Милица Артемовна, тоже с торжественным, улыбающимся лицом, обещающим необыкновенное, внесла эмалированную кастрюлю. Поставила на деревянный кружок, сняла крышку. Столбом вырвался пахучий пар, и я не удержался: как ни настраивал себя на чинное, пристойное поведение, все же заметно, кажется, даже звучно проглотил набежавшую в рот слюну.

Нет, не так бы есть этот борщ, чтобы насладиться его сказочным вкусом в полное свое удовольствие, не с тарелки, неспешно, с интеллигентской аккуратностью погружая в него ложку, следя, чтоб не капнуло с нее на скатерть, на салфетку, разложенную на коленях. Навернуть бы его из двухлитрового фронтового котелка, да еще здоровенной деревянной ложкой, какие имели при себе в армии колхозники из деревень, навернуть – не заботясь о том, как это выглядит, красиво или некрасиво, прилично или неприлично, обжигаясь от аппетита и жадности, – как хлебали мы на фронте, когда приезжала кухня, после целого дня своих солдатских трудов, рытья земли, многоверстных маршей по снежной целине или весенней распутице. Или как хлебаем мы в своей заводской столовой, ворвавшись в нее после двенадцатичасовой смены, на пустой, ноющий желудок, самозабвенно, слепо и глухо отдавшись еде, в совсем животной жажде насыщения, спеша еще потому, что в толстостенных глиняных мисках любая пища остывает стремительно и к последним ложкам уже липнет жир, а с ложек – к зубам и остается катышами на языке…

Конечно, Александра Алексеевна и Милица Артемовна с их женской, материнской чуткостью все проницательно, насквозь во мне понимали и видели, но держались со мной так, словно бы не видели и не замечали ничего. Ни моей заношенной одежды, ни заводской грязи на ней, ни моей неуклюжести за столом, в обращении с обеденными приборами, ни моего неприличного аппетита, который все-таки прорывался, хотя я всячески старался собою управлять. Едва я опустошил тарелку, Милица Артемовна, не спрашивая, незаметно подлила мне еще, и я проглотил и эту тарелку, а потом и кусок варившегося в борще мяса, который мне положили, и так же быстро, будто я еще и не ел ничего, жареный картофель со свиными шкварками и хрустким, соленым огурцом, поданный на второе. На третье был малиново-алый ягодный кисель, и я выдул подряд два стакана, мог бы выдуть еще и третий, который Милица Артемовна уже потянулась мне налить, да нашел в себе волю отказаться, ибо такое поглощение пищи переходило уже всякие рамки приличия и становилось совсем стыдным. Совершенно не помню, – занятый едой, я даже как-то это не заметил, – что и как ели сами хозяйки и ели ли они вообще, или их обед ограничился только тем, что они лишь присутствовали за столом, подвигали мне то хлебницу, то баночки со специями да подкладывали на тарелку новые порции.
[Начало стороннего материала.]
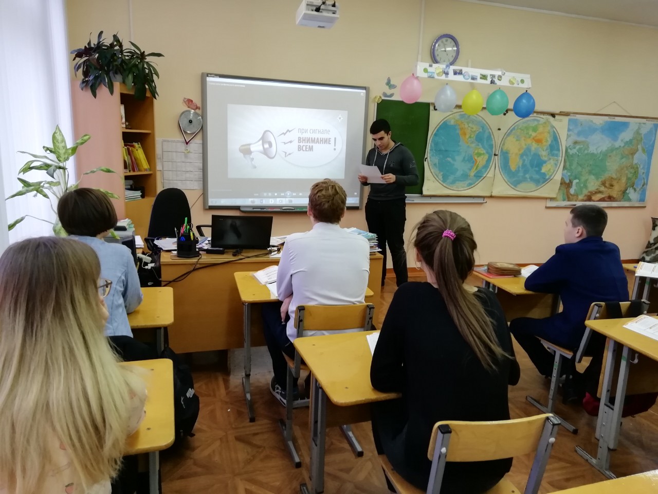 30 октября в рамках месячника ГО среди учащихся 8-х классов прошёл урок по гражданской обороне, на котором ребята посмотрели видеоролики, подготовили сообщения о том, что необходимо делать при сигнале «Внимание всем!» и что необходимо взять с собой получив информацию о начале эвакуации.
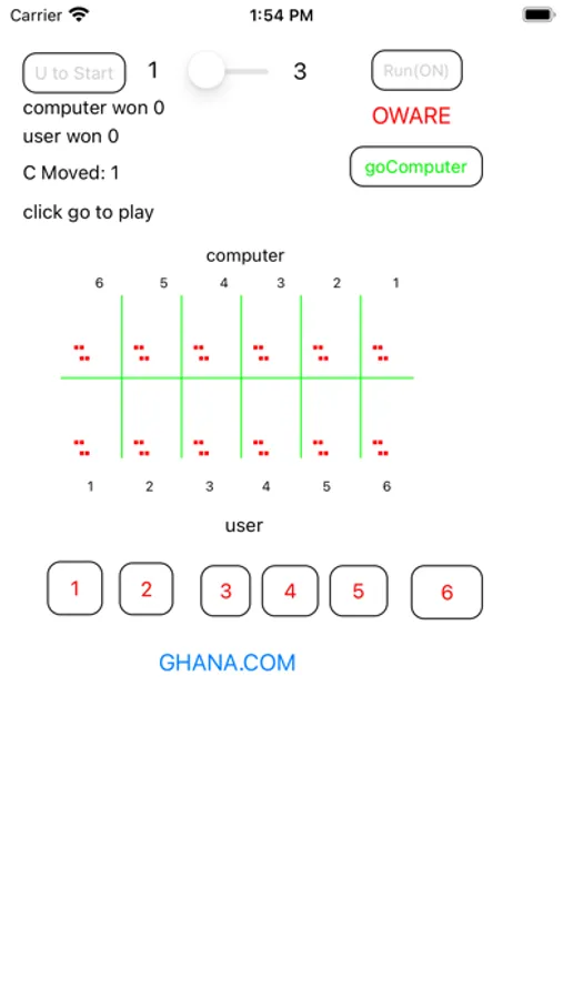 A player starts with a side of the board filled with 4 stones and chooses one hole to play. The player drops a stone consecutively counterclockwise till stones in hand finish. If the final place has one stone then the move/play ends and is turn of the other player. On the other hand if the final place has more than one the player collects the stones and continues play. A player wins when 4 reforms on the board. If the four is from last stone in hand the player wins. If not the owner of the land wins. Game ends when there are 8 stones left

– Я с вашей мамой знаете где познакомилась? На бирже труда, – заговорила Милица Артемовна, сидевшая от меня слева, так ей было удобней выходить в кухню. Ее руки в тонкой, желтоватой коже, оплетенные жгутами вен, протягивались, сновали совсем близко от моих глаз. В них была сноровистость хватких лапок маленькой обезьянки. Да и лицом своим Милица Артемовна слегка напоминала обезьянку: все мелкое, дробное – темные, двумя бусинами, глаза, короткий, чуть вздернутый носик, прозрачные, светящиеся насквозь ушки – и несоразмерно великие в сравнении со всем этим, выдавшиеся вперед челюстные дуги, крупные зубы, постоянно открытые, точно на них не хватает губ. Сходство усиливало еще и то, что постоянно присутствует в обезьяньих мордочках: смешение трогательной, подкупающей детскости и чего-то совсем старческого, мудро-печального, точно маленькой обезьянкой прожита бог весть какая долгая, столетняя и даже еще большая жизнь, с тем итогом, который выражен в известных библейских словах: во многом знании – много печали… Старушкой, старушкой смотрелась Милица Артемовна, но – разве же они старушки с Александрой Алексеевной, и той и другой всего пятьдесят с небольшим, даже порогом старости считать такой возраст еще нельзя…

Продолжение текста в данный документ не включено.